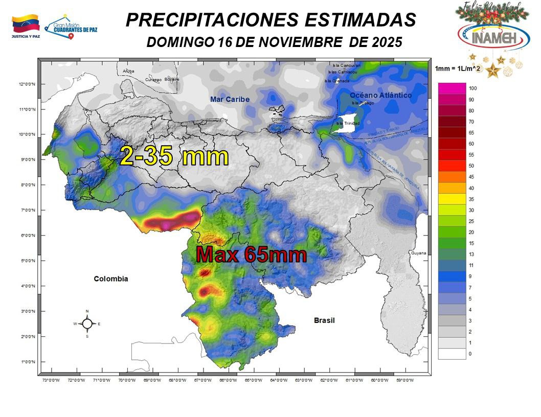 El panorama es más inestable hacia el sur. De acuerdo con el reporte, en Amazonas y Bolívar se esperan lluvias de variada intensidad, algunas acompañadas de actividad eléctrica, debido al desarrollo de nubes convectivas típico de la región.
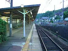 The station consists of one side platform serving single bi-directional track. The effective length of the platform is for four-carriage trains. There are stairs and an elevator from the ticket gate to the platform, and there are no ramps, but the stairs are equipped with two-step handrails. The platform has a waiting room. The station is unattended.
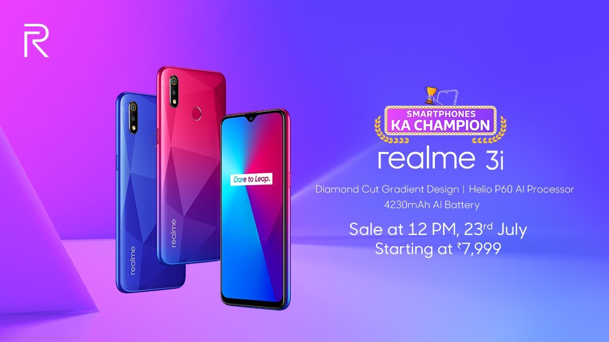 Realme 3i will be available in Diamond Black, Diamond Blue, and Diamond Red color options. The handset is priced at Rs. 7,999 for 3GB + 32GB variant while the 4GB + 64GB priced at Rs.9,999. The first sale will be starting from 12 PM on 23rd of July via Flipkart.
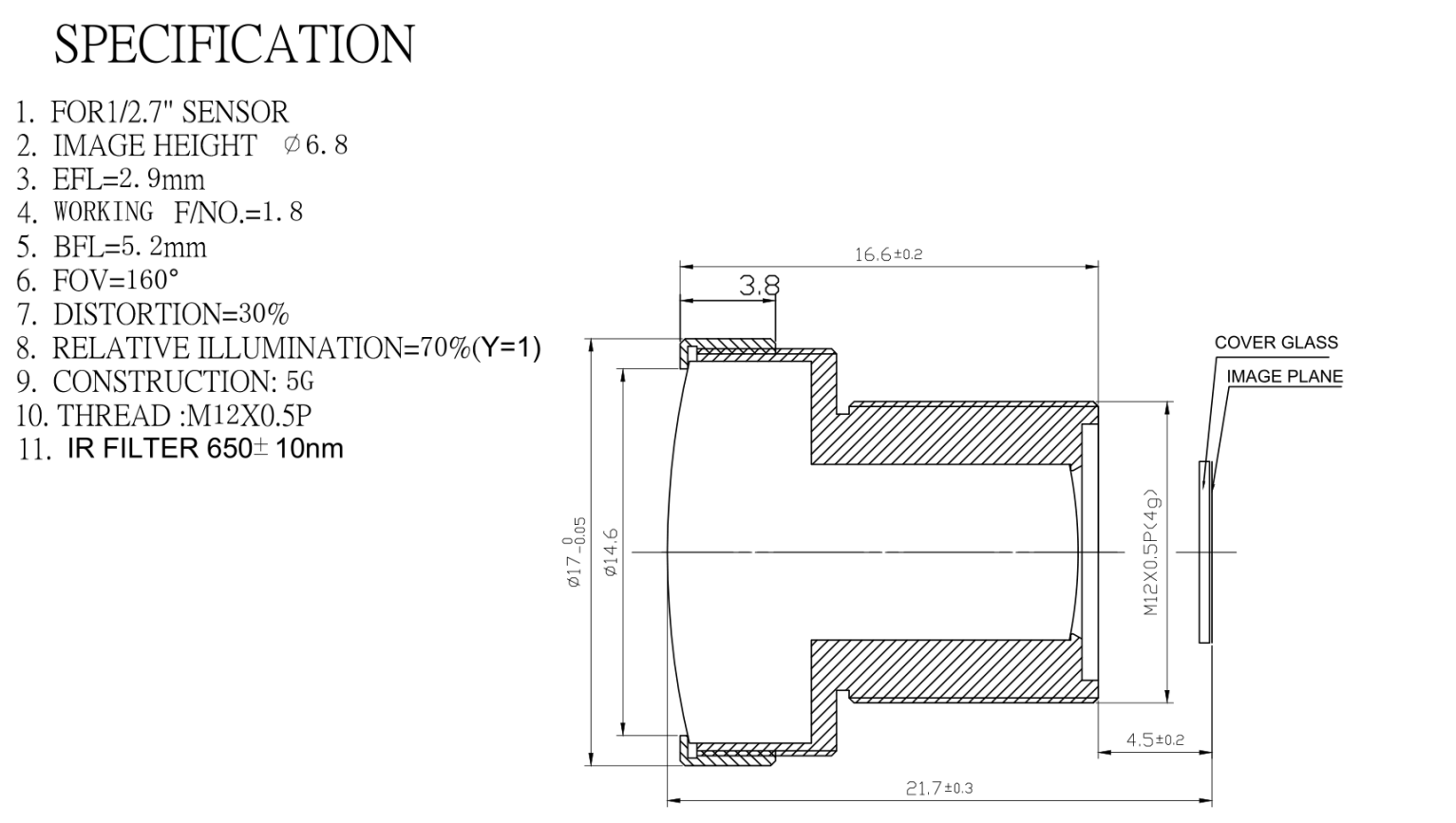 F1.8 2.9mm m12 mount wide angle automotive cctv board lente lens for 1/2.7" size sensor car camera
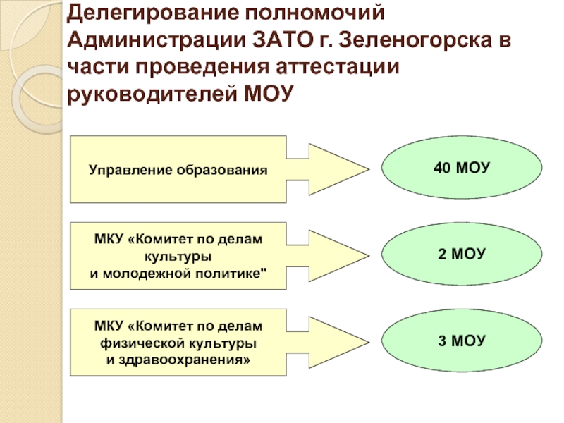 Слайд 3Делегирование полномочий Администрации ЗАТО г. Зеленогорска в части проведения аттестации руководителей
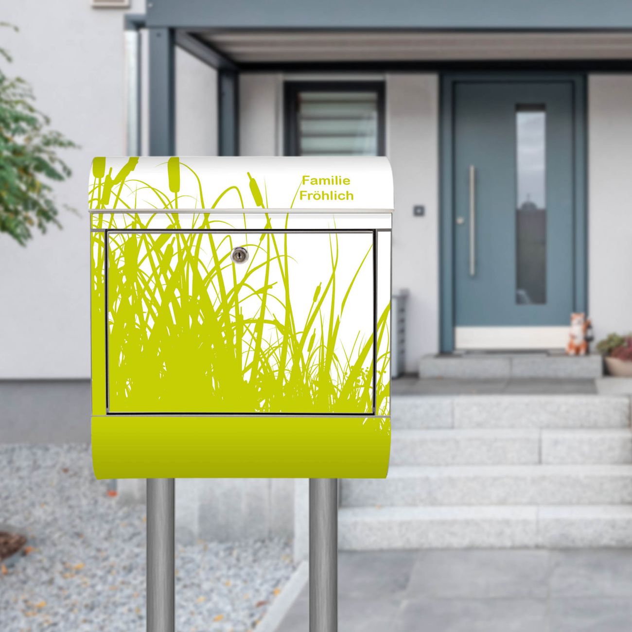 Der Motivstandbriefkasten hat ein sehr ansprechendes und ausgefallenes Design, damit entlocken Sie Ihren Nachbarn und dem Postboten ein Lächeln. Heben Sie Sich ab von der tristen grauen Masse, ohne auf Funktionalität zu verzichten. Der Briefkasten besteht aus hochwertigem 18/0 Edelstahl und die Wetter- und UV-resistenten Folie mit Schilf Motiv ist zusätzlich mit einem Schutzlaminat überzogen. Der Standbriefkasten wird mit Montagematerial und zwei Schlüsseln geliefert.
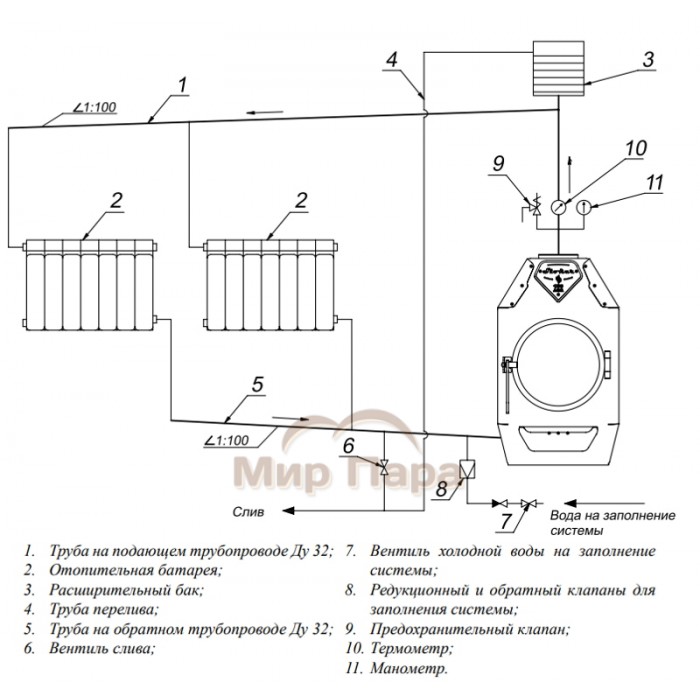 - Водяная рубашка. Печь обладает возможностью нагрева жидкости, при помощи которой она может обогревать смежные помещения с помощью подключенных к ней радиаторов отопления водяной системы здания.
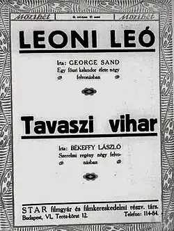 Leoni Leo (subtitled The Life of an Armenian Adventurer) is a 1917 Hungarian adventure film directed by Alfréd Deésy. The Jozsef Pakots screenplay was adapted from the original novel by George Sand called Leone Leoni. The sets were designed by Sironthai Istvan.[1]
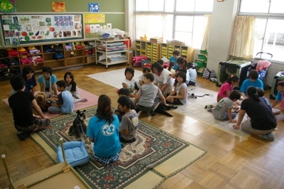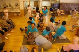 活動内容:最初に一発芸等しながら自己紹介をした後、個々のご愛犬(猫)によるふれあいを中心に、最後に参加型のゴム跳びを(職員さんも含め)取り込み活動しました。
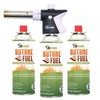 Jo Chef Pro Butane Torch Lighter - Refillable Butane Torch Head, Small Butane Torch with Safety Lock & Adjustable Flame - Culinary Blow Torch, Creme Brulee Torch, Baking, Included 3 Butane Canisters

### [What is required]
Omit the pictures and retype exactly the lines from the one containing "Leoni Leo (subtitled" through the end of the entries above.

### [Answer section]
 Leoni Leo (subtitled The Life of an Armenian Adventurer) is a 1917 Hungarian adventure film directed by Alfréd Deésy. The Jozsef Pakots screenplay was adapted from the original novel by George Sand called Leone Leoni. The sets were designed by Sironthai Istvan.[1]
 活動内容:最初に一発芸等しながら自己紹介をした後、個々のご愛犬(猫)によるふれあいを中心に、最後に参加型のゴム跳びを(職員さんも含め)取り込み活動しました。
 Jo Chef Pro Butane Torch Lighter - Refillable Butane Torch Head, Small Butane Torch with Safety Lock & Adjustable Flame - Culinary Blow Torch, Creme Brulee Torch, Baking, Included 3 Butane Canisters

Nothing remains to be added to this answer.